Luke (Scott Sheperd III) et Sarah (Sterling Jerins)
Dans une petite bourgade, semblable à tant de banlieue bourgeoise américaine, Oren Little est propriétaire d’une copropriété qu’il a nommé « Petit paradis terrestre ». En transition, attendant de vendre sa maison de famille, avant de prendre le large, il règne en petit dictateur sur ces locataires. Exécrable, il n’essaie jamais de vivre en bon voisinage. Puisqu’il est propriétaire, il n’a que cure des soucis de ses voisins. C’est son seul letimotiv. Michael Douglas, vieillissant, est parfait dans ce rôle de vieux bougre renfrogné dont toutes les répliques sont cinglantes. Dans l’appartement adjacent vit Leah, sensiblement le même âge, qui s’épanouit en chantant dans des clubs de Jazz. Ainsi va la vie laisse d’ailleurs une belle part à la musique dans le scénario et instaure une musicalité harmonieuse. Tandis que les chansons chantées au club ne sont jamais coupées et que l’on peut profiter de la voix agréable et suave de Keaton qui assure elle-même le show, on perçoit le même amour du jazz chez Oren qui écoute des standards de Sammy Davis Junior dans sa vieille voiture de collection. Cette sensibilité à fleur de peau, malgré l’attitude réservé de Leah et le comportement désinvolte d’Oren effleure dès les premiers instants de la narration. Avant que de nous être désagréable, Oren nous semble surtout très triste et l’on devine chez les deux êtres des fêlures destinés à être partager et adoucit. C’est un catalyseur, une résurgence de leurs jeunesses, un élixir de jeunesse qu’il leur faut.

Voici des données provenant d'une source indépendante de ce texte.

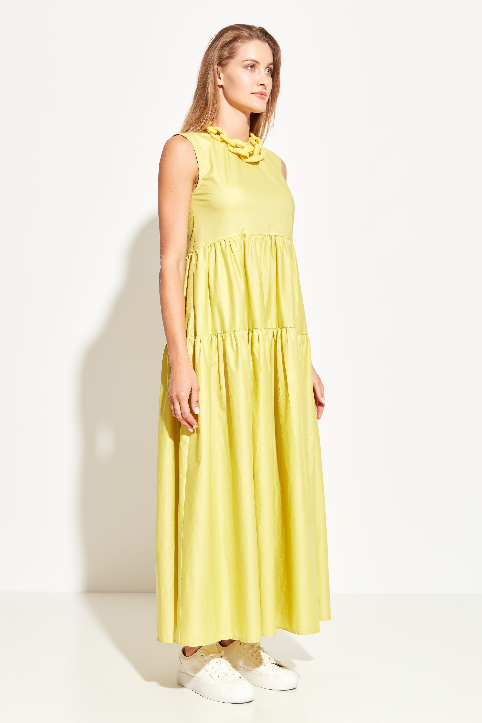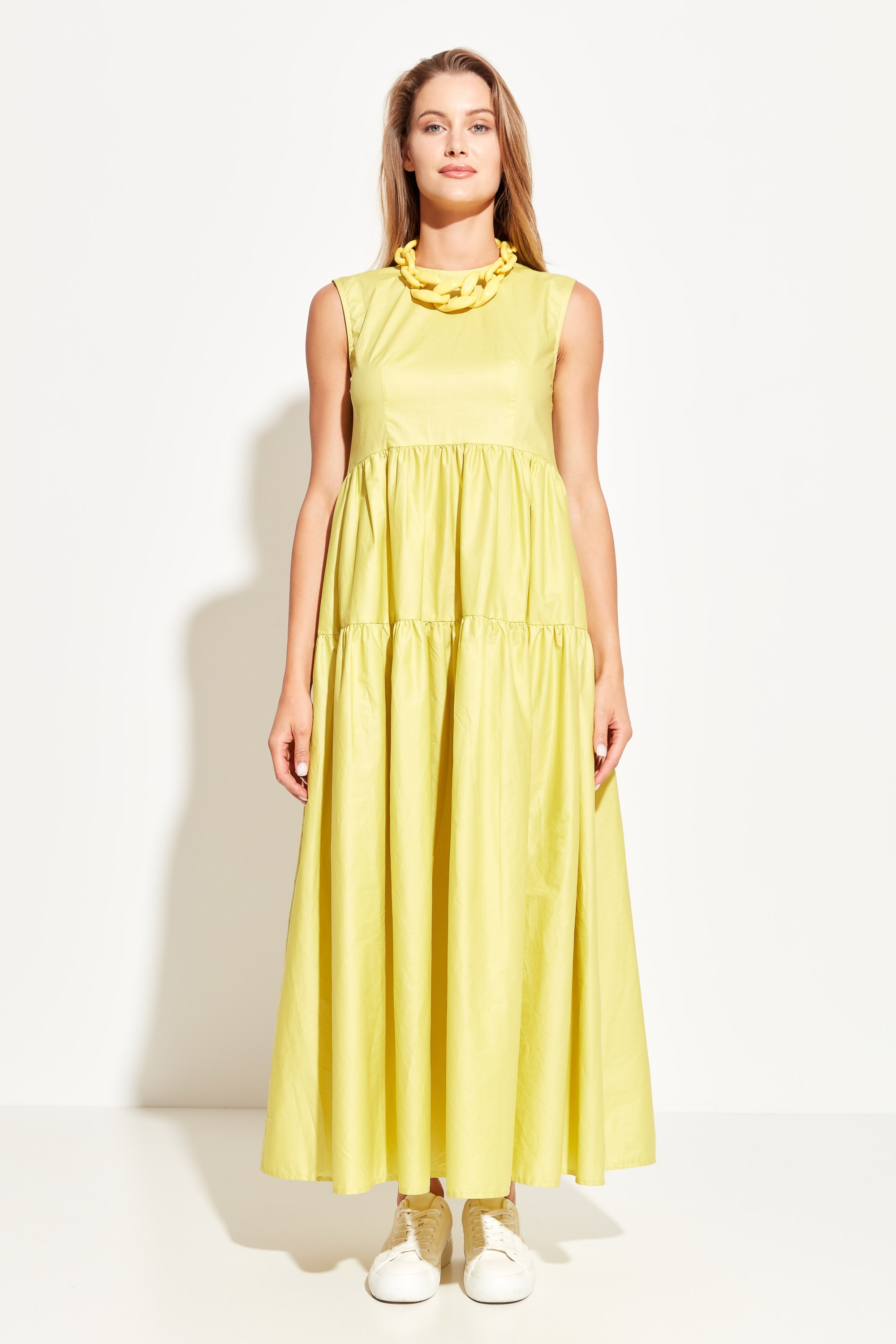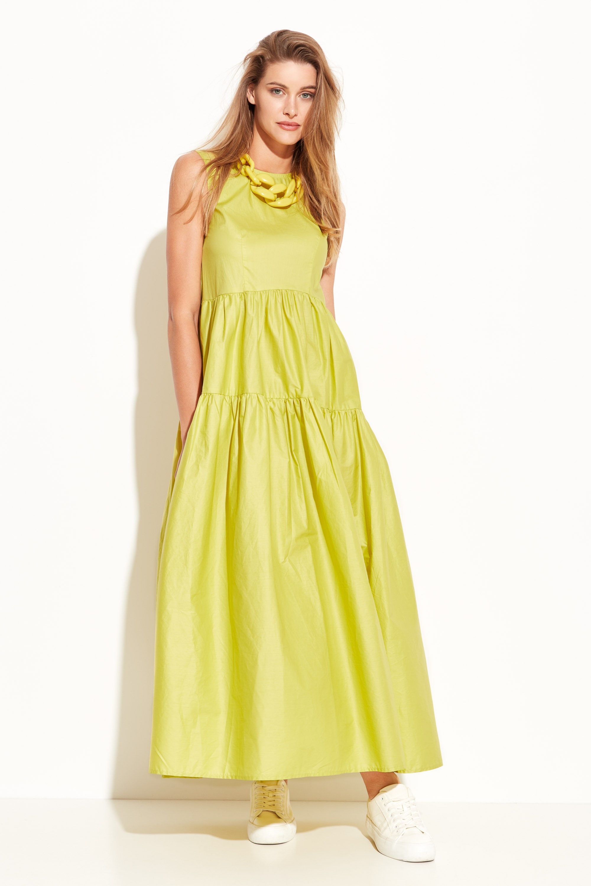 Платье А-образного силуэта в длине макси. Округлый вырез горловины. В боковых швах юбки карманы. Комфортная модель для создания стильных городских образов.

Oren Little (Michael Douglas)
Et il apparaît en la personne de Sarah, charmante gamine déstabilisée par la situation de son père, accusé et condamné à tort à une courte peine de prison et se retrouvant chez un grand-père qu’elle n’a jamais vu. Petit à petit, la petite fille va libérer la parole entre les deux septuagénaires obligés de se parler. Maladroits, ils sont tous les deux veufs et doivent réapprendre à aimer, si tant est que l’on puisse apprendre ces choses-là. Follement amoureux de leurs compagnons décédés, il vont faire leur deuil ensemble et envisager l’avenir. L’originalité d’Ainsi va la vie est certainement à chercher de ce côté, l’intervention de la petite fille, très aimée par son père, ne vas pas juste dérider les deux vieillards mais carrément être le révélateur d’une volonté de cesser de vivoter pour profiter de la vie jusqu’au bout. On est jamais dans la comédie, malgré que l’idée si prête, et c’est tant mieux, car celles qui existent sont souvent potaches. Ainsi va la vie est plutôt une ode sensible à la tendresse. On prend plaisir à voir les quatre protagonistes principaux, jamais méchants, plutôt bouleversés par la vie, reprendre des repères entre les bras des autres, se donner du courage et s’entraider sans rien attendre en retour que la caresse d’un sourire réconfortant, faire la paix avec les autres et surtout, avec eux-mêmes.
Leah (Diane Keaton)
Ainsi va la vie distille un parfum de Dolce Vita grâce à des personnages toujours touchants. Une petite pause de douceur, ma foi, fort agréable, et parfois même presque poétique, débordante de joie.